**WORK TASK**
The pictures must be left out, while the rest of the data is copied exactly.

**DATA FOR THE TASK**
* * * *

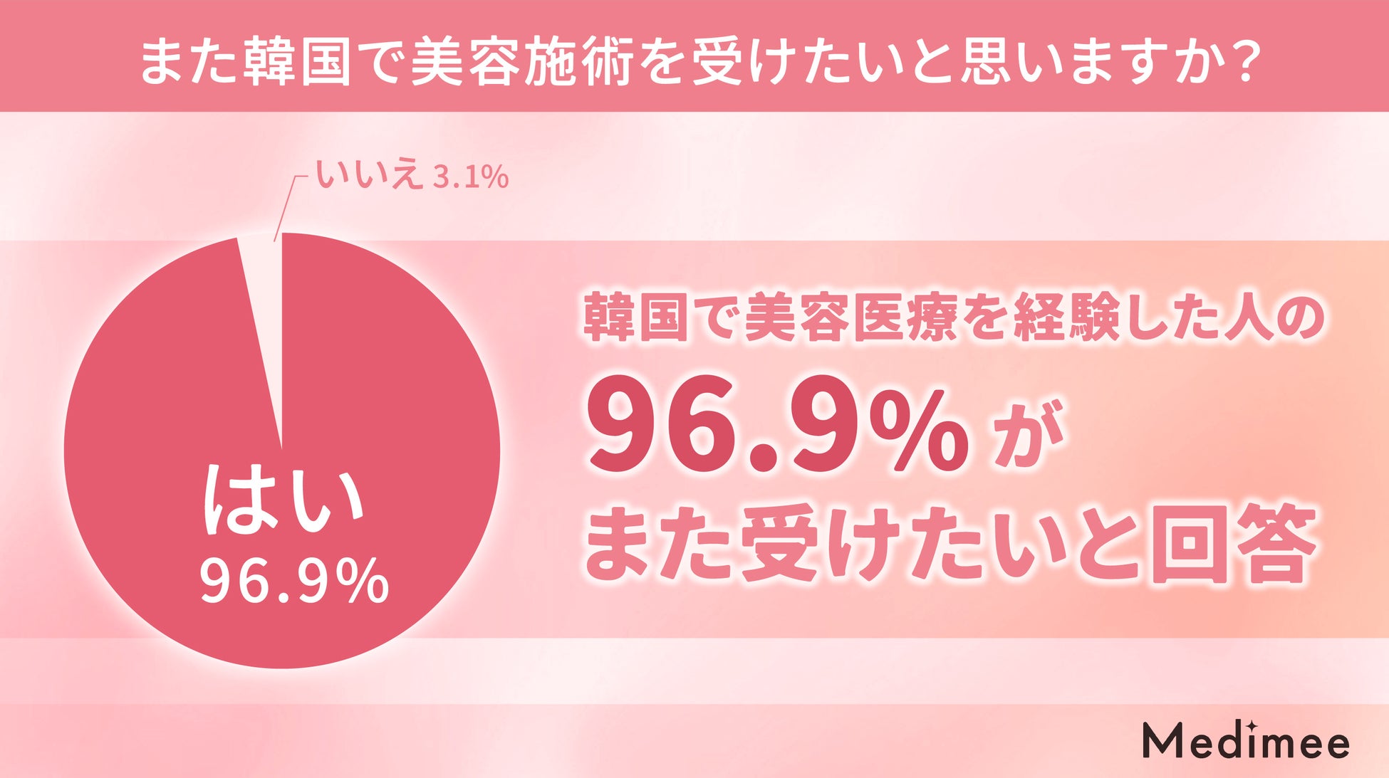 韓国で美容医療を経験した人の96.9%が、また美容施術を受けたいと回答しました。また、「はい」と回答した理由としては、以下のような回答が得られました。
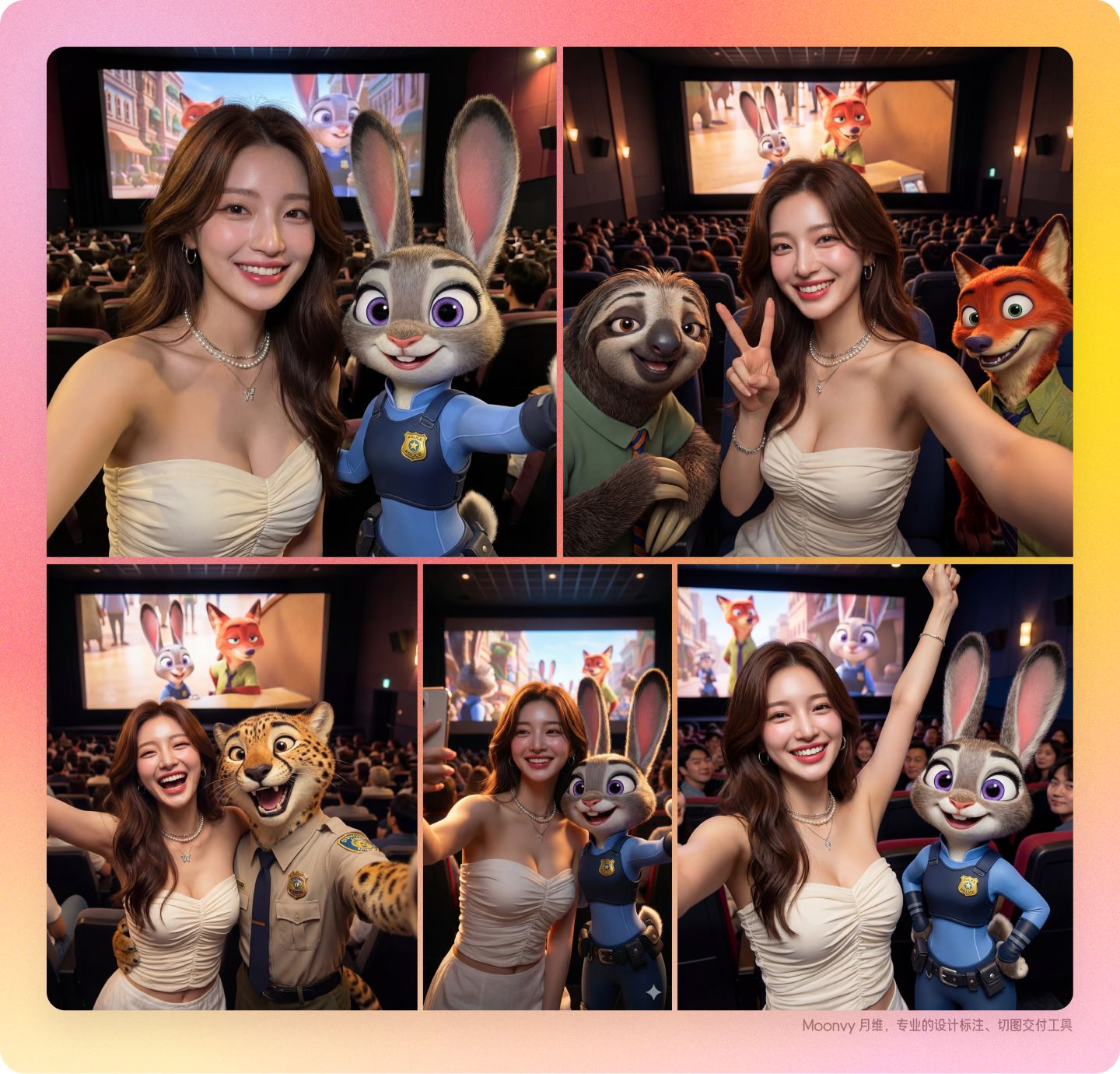 场景:黑暗拥挤的电影院。背景有大屏幕播放疯狂动物城电影场景。电影般的灯光,温暖的环境光。
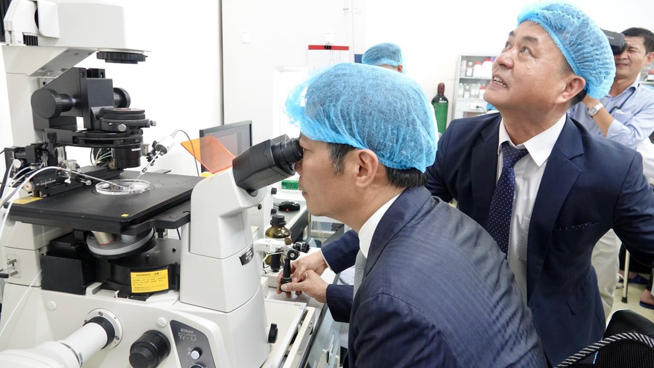 Đ/c Trần Tuấn Anh và Đ/c Huỳnh Thành Đạt đã tham quan Cellular Reprogramming Lab – nơi đang hực hiện các công nghệ tái biệt hóa tế bào, thụ tinh kính hiển vi, và công nghệ chẫn đoán phôi sớm (PGD). Đặc biệt Đ/c Trần Tuấn Anh đã được PGS.TS. Nguyễn Văn Thuận hướng dẫn và tận tay thực hiện kỹ thuật lấy nhiễm sắc thể từ trứng, đồng thời rất hào hứng khi thảo luận về công nghệ myStem cell sau PGD.
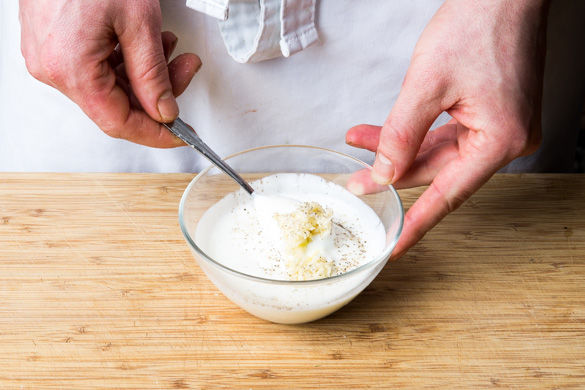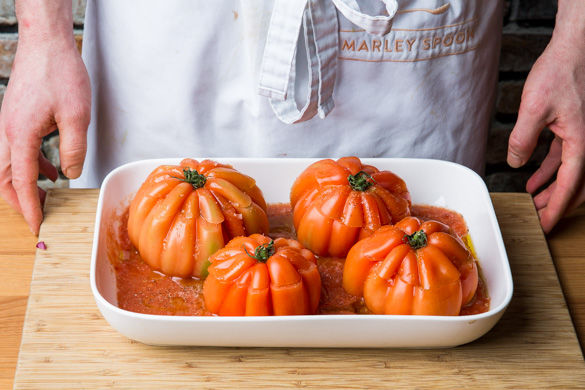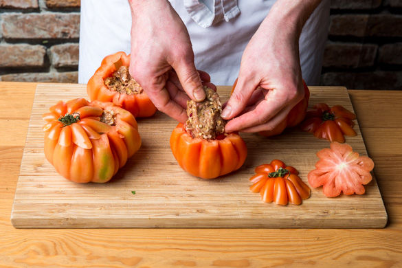 Am Strunkstück der Tomate ca. 1cm breit einen Deckel zum Füllen abschneiden. Mit einem kleinen Löffel die Tomate vorsichtig aushöhlen, dabei die Tomatenkerne für später aufheben, und mit der Hackmasse füllen. Den Deckel zum Schluss wieder darauf drücken.
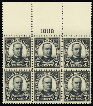 559, Mint VF NH 7¢ FULL WIDE TOP Plate Block of Six Stamps * Stuart Katz
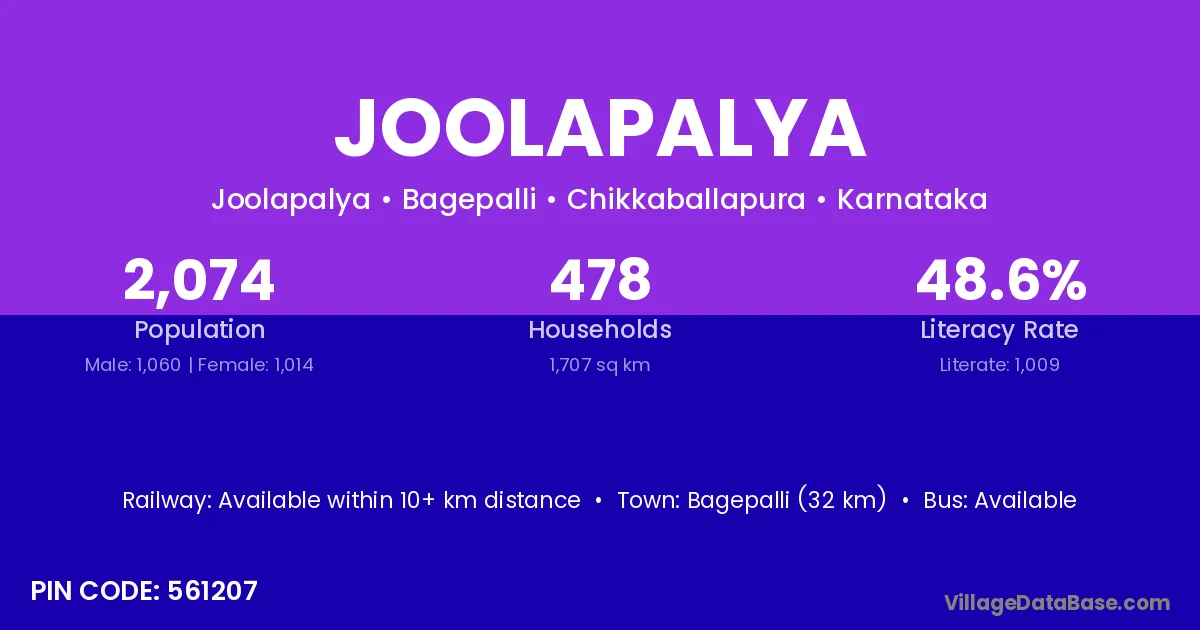 Bagepalli (32 km) is the nearest town to Joolapalya village for major economic activities and is located approximately 32 km away.
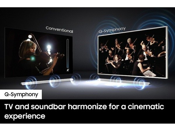 Покращуйте свої звукові враження за допомогою саундбара, який автоматично аналізує кімнату та калібрує тони верхнього діапазону, щоб найкраще заповнити простір, використовуючи телевізор Samsung TV.
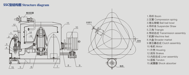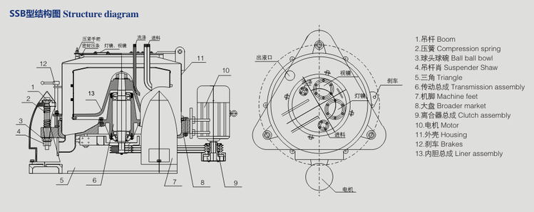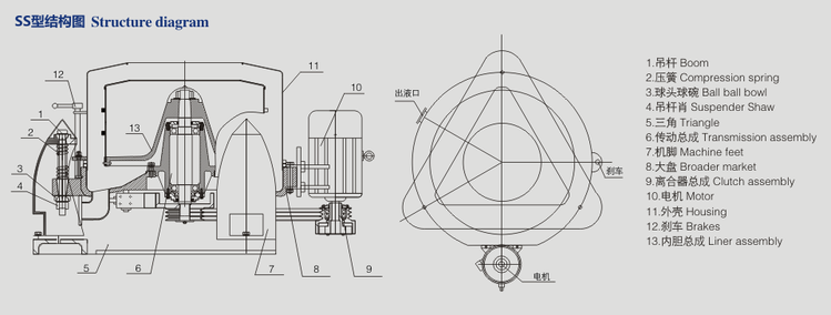 SS/SB型離心機均為三足式上部卸科、間歇操作的過濾設備。物料由上部加入轉鼓,在離心力場的作用下,液相穿過過濾介質排出機外,固相物截留在轉鼓內,停機后由人工從上部卸料。具有結構簡單、操作方便、物料不易破碎、通用性強等特點。
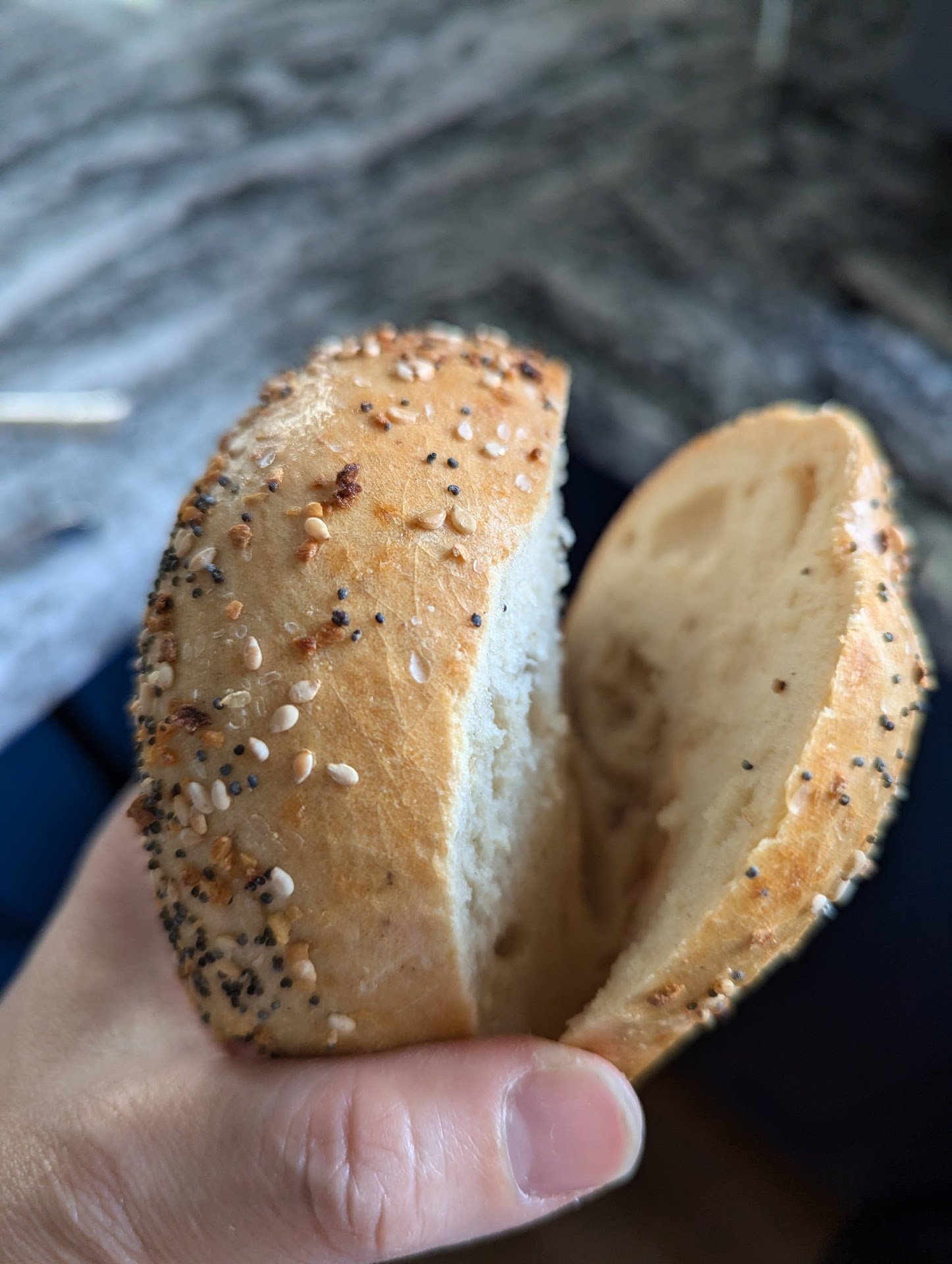 These are easily as good as any bagel you’ll find in NYC or on Long Island (and getting bagels and pizza are my two must dos any time I’m back home, so let’s just say I’m a bagel expert). I almost wonder if they are importing NY water, since people say that’s why the bagels there are so good! A real NY bagel is all about the texture — a chewy inside and the perfect outer crust that makes a distinct sound when it’s done just right (and that you can usually only come close to getting by toasting your average non-NY bagel, and even then it’s not quite right).
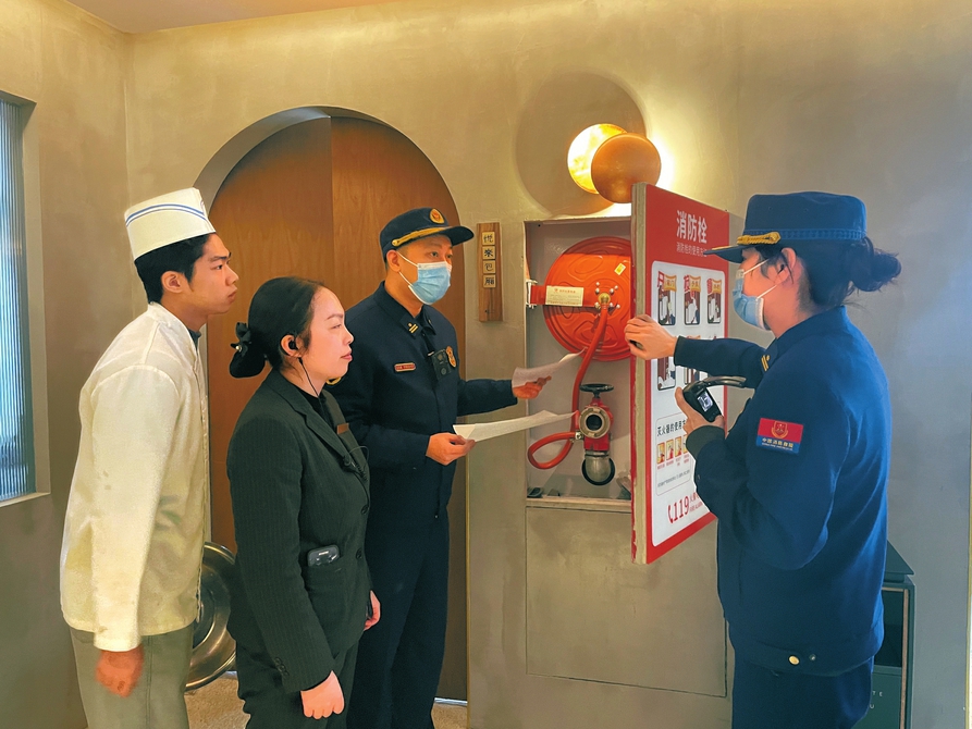 1月29日中午,成都锦江区消防救援大队监督执法人员在华兴街进行火灾隐患巡查。在一家中餐店,执法人员发现店内消防栓不能正常出水。 苟春摄
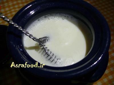 مایه رو داخل شیر بریزید و هم بزنید تا کامل مخلوط بشه.

* * * *

**ANSWER AREA**
 韓国で美容医療を経験した人の96.9%が、また美容施術を受けたいと回答しました。また、「はい」と回答した理由としては、以下のような回答が得られました。
 场景:黑暗拥挤的电影院。背景有大屏幕播放疯狂动物城电影场景。电影般的灯光,温暖的环境光。
 Đ/c Trần Tuấn Anh và Đ/c Huỳnh Thành Đạt đã tham quan Cellular Reprogramming Lab – nơi đang hực hiện các công nghệ tái biệt hóa tế bào, thụ tinh kính hiển vi, và công nghệ chẫn đoán phôi sớm (PGD). Đặc biệt Đ/c Trần Tuấn Anh đã được PGS.TS. Nguyễn Văn Thuận hướng dẫn và tận tay thực hiện kỹ thuật lấy nhiễm sắc thể từ trứng, đồng thời rất hào hứng khi thảo luận về công nghệ myStem cell sau PGD.
 Am Strunkstück der Tomate ca. 1cm breit einen Deckel zum Füllen abschneiden. Mit einem kleinen Löffel die Tomate vorsichtig aushöhlen, dabei die Tomatenkerne für später aufheben, und mit der Hackmasse füllen. Den Deckel zum Schluss wieder darauf drücken.
 559, Mint VF NH 7¢ FULL WIDE TOP Plate Block of Six Stamps * Stuart Katz
 Bagepalli (32 km) is the nearest town to Joolapalya village for major economic activities and is located approximately 32 km away.
 Покращуйте свої звукові враження за допомогою саундбара, який автоматично аналізує кімнату та калібрує тони верхнього діапазону, щоб найкраще заповнити простір, використовуючи телевізор Samsung TV.
 SS/SB型離心機均為三足式上部卸科、間歇操作的過濾設備。物料由上部加入轉鼓,在離心力場的作用下,液相穿過過濾介質排出機外,固相物截留在轉鼓內,停機后由人工從上部卸料。具有結構簡單、操作方便、物料不易破碎、通用性強等特點。
 These are easily as good as any bagel you’ll find in NYC or on Long Island (and getting bagels and pizza are my two must dos any time I’m back home, so let’s just say I’m a bagel expert). I almost wonder if they are importing NY water, since people say that’s why the bagels there are so good! A real NY bagel is all about the texture — a chewy inside and the perfect outer crust that makes a distinct sound when it’s done just right (and that you can usually only come close to getting by toasting your average non-NY bagel, and even then it’s not quite right).
 1月29日中午,成都锦江区消防救援大队监督执法人员在华兴街进行火灾隐患巡查。在一家中餐店,执法人员发现店内消防栓不能正常出水。 苟春摄
 مایه رو داخل شیر بریزید و هم بزنید تا کامل مخلوط بشه.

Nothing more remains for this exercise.